ABOUT THIS TASK
Skip the pictures, please, and write out exactly every line from the one containing "而涉禽后场的大天鹅夫妇,今年" through the end of the listing below.

INFORMATION SHOWN
━━━━━━━━━━━━━━━━
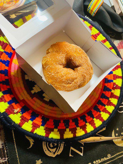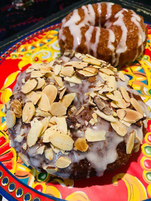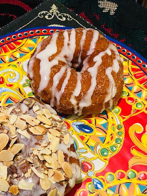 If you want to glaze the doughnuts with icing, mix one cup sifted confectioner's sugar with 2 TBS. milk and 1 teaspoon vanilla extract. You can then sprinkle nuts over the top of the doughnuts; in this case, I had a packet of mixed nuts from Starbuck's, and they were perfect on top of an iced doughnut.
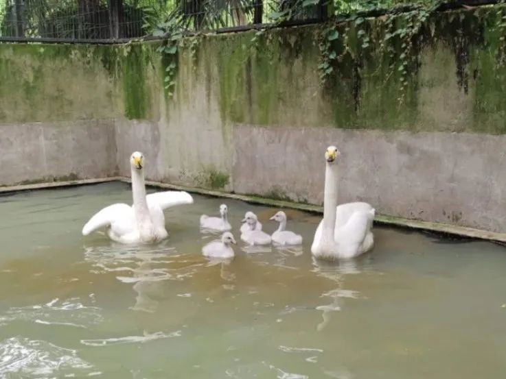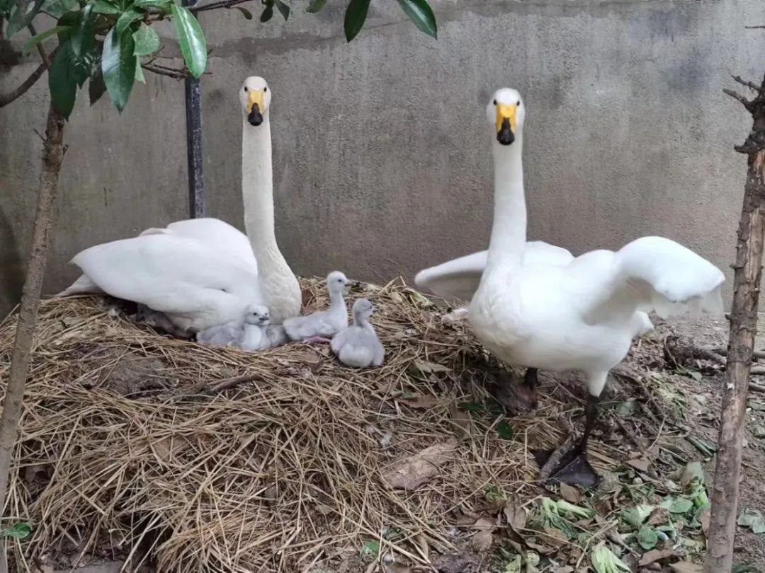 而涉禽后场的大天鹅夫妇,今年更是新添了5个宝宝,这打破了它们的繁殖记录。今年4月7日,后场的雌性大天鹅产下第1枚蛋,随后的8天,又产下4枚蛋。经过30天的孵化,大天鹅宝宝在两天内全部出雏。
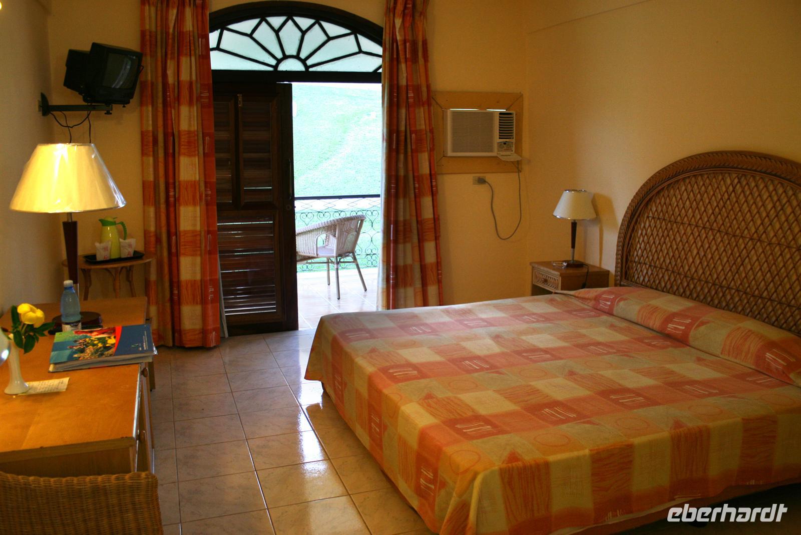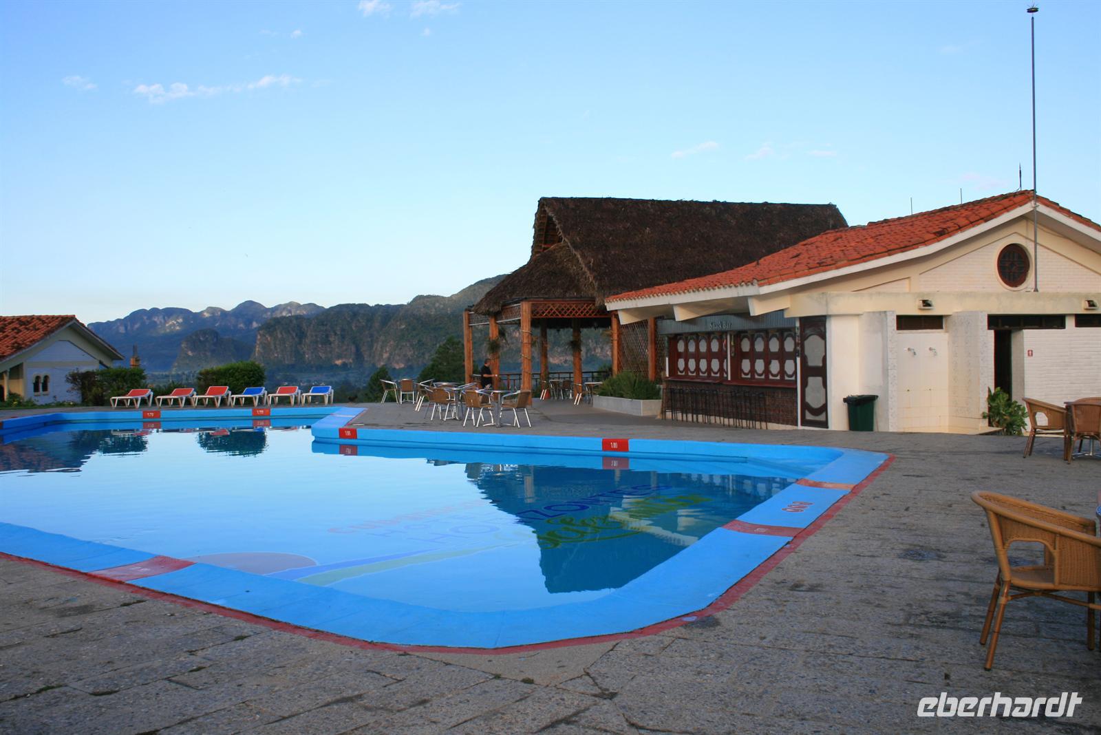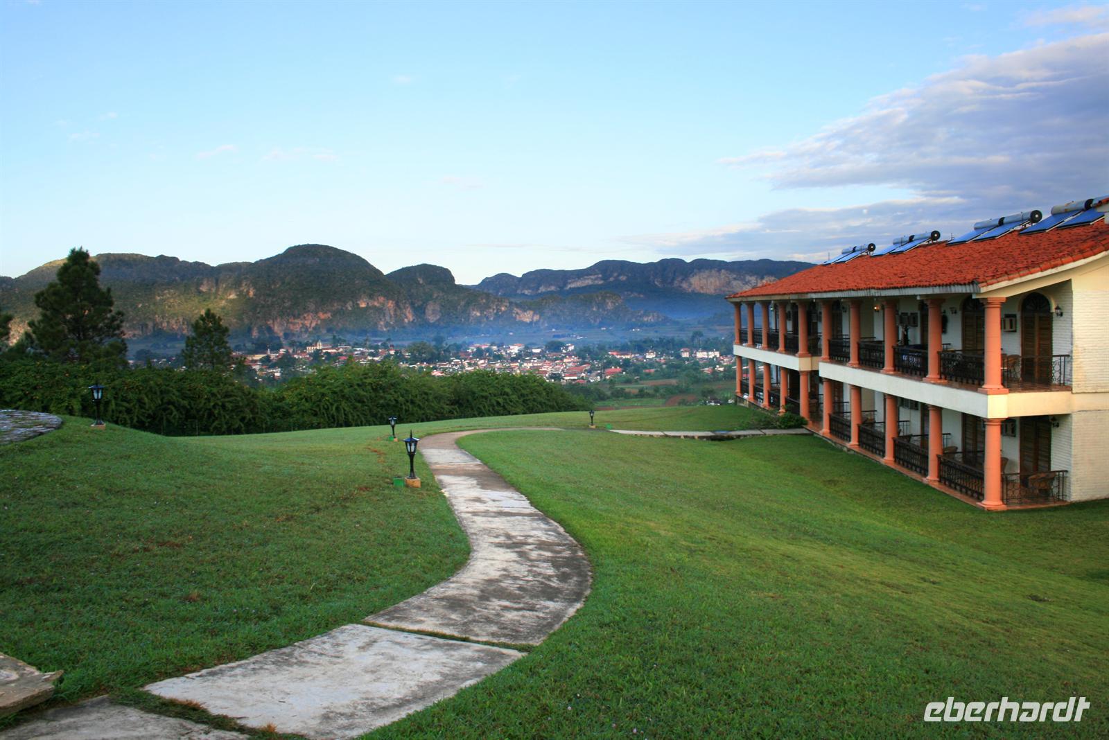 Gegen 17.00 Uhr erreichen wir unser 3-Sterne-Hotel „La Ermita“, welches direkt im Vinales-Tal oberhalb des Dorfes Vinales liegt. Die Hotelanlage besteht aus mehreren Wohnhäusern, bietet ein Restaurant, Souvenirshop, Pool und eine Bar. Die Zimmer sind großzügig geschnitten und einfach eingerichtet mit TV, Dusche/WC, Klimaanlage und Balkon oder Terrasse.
━━━━━━━━━━━━━━━━
RESPONSE TO THE EXERCISE
 而涉禽后场的大天鹅夫妇,今年更是新添了5个宝宝,这打破了它们的繁殖记录。今年4月7日,后场的雌性大天鹅产下第1枚蛋,随后的8天,又产下4枚蛋。经过30天的孵化,大天鹅宝宝在两天内全部出雏。
 Gegen 17.00 Uhr erreichen wir unser 3-Sterne-Hotel „La Ermita“, welches direkt im Vinales-Tal oberhalb des Dorfes Vinales liegt. Die Hotelanlage besteht aus mehreren Wohnhäusern, bietet ein Restaurant, Souvenirshop, Pool und eine Bar. Die Zimmer sind großzügig geschnitten und einfach eingerichtet mit TV, Dusche/WC, Klimaanlage und Balkon oder Terrasse.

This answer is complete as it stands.